The New York Times reports:

In the Inland Empire, an economically depressed region in Southern California, President Obama’s health care law is expected to extend insurance coverage to more than 300,000 people by 2014. But coverage will not necessarily translate into care: Local health experts doubt there will be enough doctors to meet the area’s needs. There are not enough now. …

The proportion of medical students choosing to enter primary care has declined in the past 15 years, as average earnings for primary care doctors and specialists, like orthopedic surgeons and radiologists, have diverged. A study by the Medical Group Management Association found that in 2010, primary care doctors made about $200,000 a year. Specialists often made twice as much.

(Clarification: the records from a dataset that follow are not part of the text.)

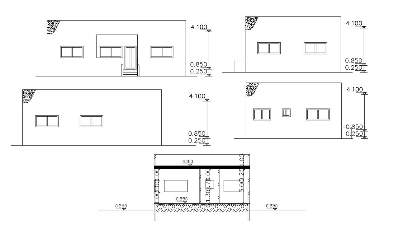 Download free CAD drawing of single storey house building sectional elevation design with dimension detail. Download 40 feet width and 26 feet depth of one level house building design.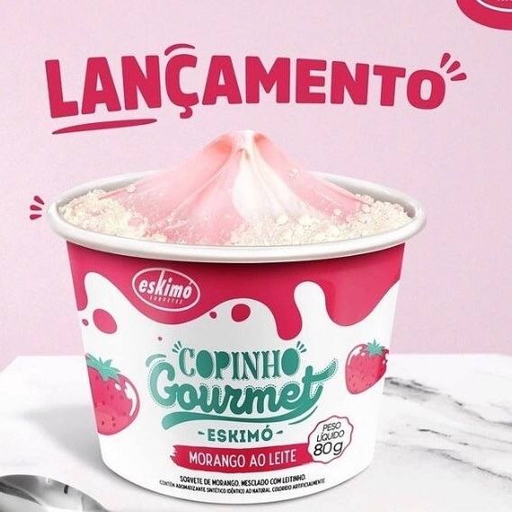 Picolé de morango, recheado com chantilly. Aromatizado artificialmente. Colorido artificialmente.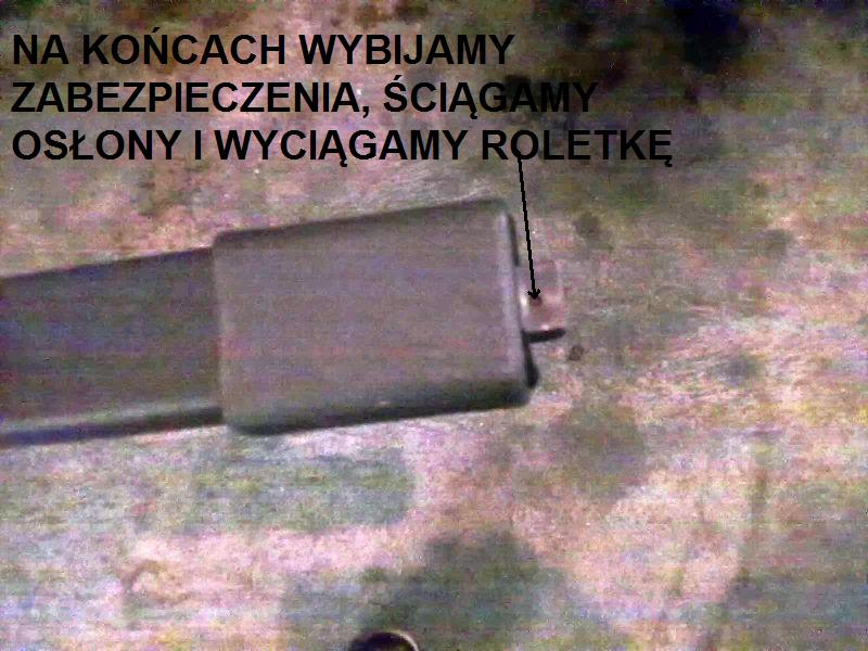 1- Po lewej i prawej stronie są plastikowe zakończenia z otworem. W tym otworze są małe bolce blokujące roletkę. Wybijamy je.

The Obama administration has sought to ease the shortage. The health care law increases Medicaid’s primary care payment rates in 2013 and 2014. It also includes money to train new primary care doctors, reward them for working in underserved communities and strengthen community health centers.

Read more: Too Few Doctors in Many U.S. Communities – NYTimes.com.

But why is there a shortage of primary care physicians?   Richard Posner has an answer:

But we are stuck with third-party payment, and it systematically favors specialists over primary-care physicians, because specialists tend to provide discrete procedures, which are easier for the insurers, whether they are private insurance companies or government, to cost. The care provided by primary-care physicians has, to an extent, an elastic and discretionary quality.

Medical licensing also limits the number of practicing physicians.